Wenn ich zur Arbeit fahre, bin ich oft schon fast zu spät dran, und jetzt wird auch noch an vielen Stellen der Asphalt aufgerissen. Baugruben entstehen, scheinbar über Nacht, hastig, manchmal nicht einmal abgesichert. Vielleicht werden die Absperrungen auch gestohlen, diese rot-weißen Plastikgitter mit den Warnleuchten obendrauf. Ich weiß nicht, ob die Leute sich die in den Garten stellen oder ins Wohnzimmer, oder ob sie damit ihre eigenen Gruben absichern.
Ich sehe auch nie jemanden bauen, und keine Maschinen. Vielleicht sind diese Gruben gar keine, also nicht in dem Sinne, dass jemand sie gegraben hat. Vielleicht reißt der Boden von alleine auf, und das, was uns immer getragen hat, trägt nicht mehr, gibt nach, versinkt.
Bis jetzt konnte ich den Löchern auf der Straße immer noch rechtzeitig ausweichen, den Fahrradlenker herum reißen und den Sturz verhindern; aber nur, weil ich mit erhöhter Wachsamkeit fahre und jederzeit mit einem Abgrund rechne.
Eines Tages, wenn ich vielleicht noch etwas verschlafen bin, wird es passieren. Auch wer keine Grube gräbt, fällt selbst hinein. Hoffentlich breche ich mir nichts. Oder wenigstens nicht die Hände. Hauptsache ich kann schreiben, während ich krank geschrieben bin. Was mache ich sonst, Tag für Tag zu Hause, nur über Gruben grübeln, und warum es mir nicht gelungen ist, dieses doch vorhersehbare Unglück zu vermeiden? Eigentlich wäre es am besten, ich würde mich schon vor dem Sturz krank schreiben lassen. Ich müsste nur meine Hausärztin von dieser präventiven Maßnahme überzeugen können.

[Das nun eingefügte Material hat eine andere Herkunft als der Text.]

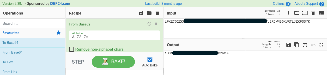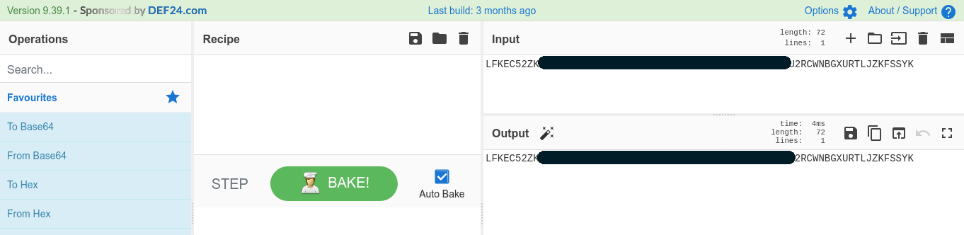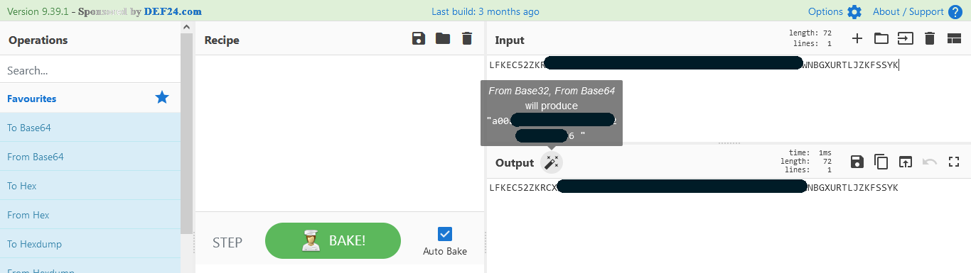 OK. Con la operación anterior hemos obtenido una cadena que no sabemos muy bien qué es. Tiramos del servicio online Cyberchef para que nos eche una mano.

Während ich über Argumente nachdenke und einer kleineren, mir schon bekannten Vertiefung ausweiche, werde ich von einem riesigen roten LKW überrascht, der von rechts aus einer Einfahrt drängelt. Ich bremse scharf ab, mache dem Ungetüm Platz. Mit Dröhnen biegt es auf die Straße ein, die Gesteinsbrocken auf der Ladefläche vibrieren, und dann wankt der ganze Laster, kippt nach links, die Ladung kommt in Bewegung, Brocken rollen, überstürzen sich, schmettern auf die Straße und prallen von ihr ab. Der LKW ist mit dem linken Vorderrad in eine Baugrube gesackt.
Das war die Grube, die für mich bestimmt war, denke ich, und jetzt hat sich dieses aufdringliche Fahrzeug hinein gestürzt — und dafür bin ich ihm dankbar.

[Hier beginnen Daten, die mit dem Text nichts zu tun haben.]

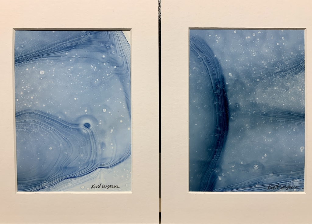 Kuvaus: ”Syvä uni” kaksiosainen sarja. Abstrakti alkoholimustemaalaus muovipaperille paspartuurin kanssa, 18cm x 24cm kokoiseen kehykseen paspatuurin kanssa. Koko-sarja tai 35 € kpl. Postitus tai nouto Turusta.
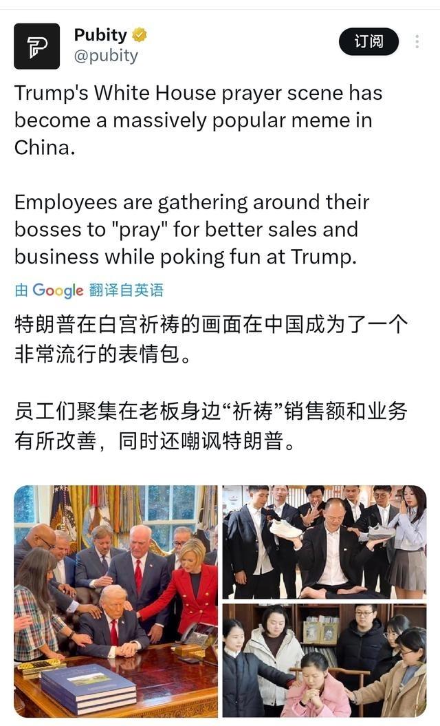 美国人也关注到:“特朗普在白宫祈祷的画面在中国成为了一个非常流行的表情包” 美国与伊朗紧张关系升级后,特朗普于2020年1月在白宫椭圆形办公室召集多名基督教牧师进行集体祈祷活动,这一举动旨在寻求精神支持,应对中东局势动荡。照片显示多名牧师围拢特朗普,进行手搭肩头的祈祷仪式,白宫官员通过社交媒体发布相关视频,强调为军队和国家寻求指引。这样的宗教表达在美国政治中常见,尤其在危机时期,用于凝聚保守派选民支持。 事件发生时,美国主流媒体如CNN和Fox News报道了这一祈祷会,焦点放在特朗普的外交策略与信仰结合上,一些评论员指出这体现了美国领导人在国际冲突中的传统应对方式。中国网民很快捕捉到这一图像,通过社交平台如微博和抖音将其转化为表情包形式,用于日常职场调侃。 这个表情包趋势从2020年初迅速兴起,中国用户将原照片修改为办公室场景,老板取代特朗普位置,员工模仿牧师姿势,祈求公司业绩提升或奖金增加。这种改编反映了普通人面对工作压力的自嘲心态,视频版本在抖音等平台累计播放量达数亿次。 国际媒体注意到这一现象,路透社和BBC等报道了跨文化传播的趣味性,美国观察者认为这体现了全球网络时代下政治图像的再利用方式。中国企业员工参与模仿,形成一种社交挑战,扩展到学校和家庭场景,但核心仍是原白宫祈祷的集体姿势。这样的传播不限于娱乐,还隐含对权力依赖的观察,美国部分媒体如The Atlantic在后续文章中讨论了这一国际反馈对特朗普形象的影响。

Der Motor heult auf, der Laster ruckt vorwärts, sinkt in das Loch zurück, noch einmal und noch einmal. Ich traue mich nicht an dem steineschleudernden Monster vorbei. Jetzt komme ich sicher zu spät zur Arbeit, aber wenigstens habe ich eine anschauliche Erklärung dafür.

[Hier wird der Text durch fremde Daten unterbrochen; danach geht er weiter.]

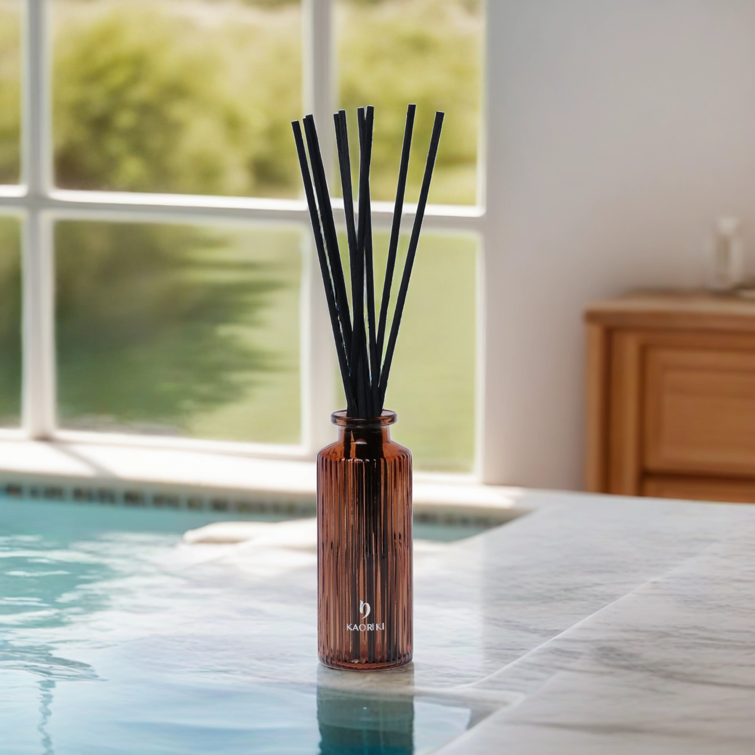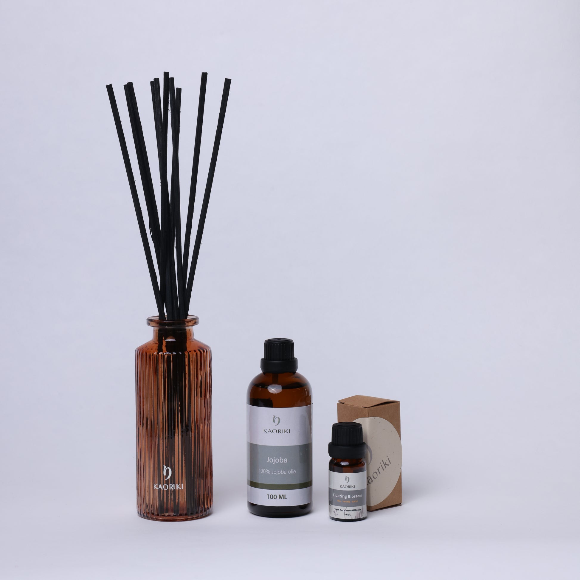 Bring lightness and softness into your home with Kaoriki's Floating Blossom Reed Diffusers . This refined set includes an amber diffuser bottle, black reed diffusers, organic jojoba oil, and our signature essential oil blend: Floating Blossom —a light, floral fragrance with notes of neroli, lotus, and white tea.

Schließlich steigt der LKW Fahrer aus, zückt eine Peitsche und versetzt der roten Flanke einen Hieb, sodass meterlang der Lack abplatzt und ein grauer Striemen zurückbleibt. Der Laster jault, bäumt sich auf, reißt das Rad aus der Grube, die Ladung rutscht, Steine springen durch die Luft, einer trifft mich an der Stirn.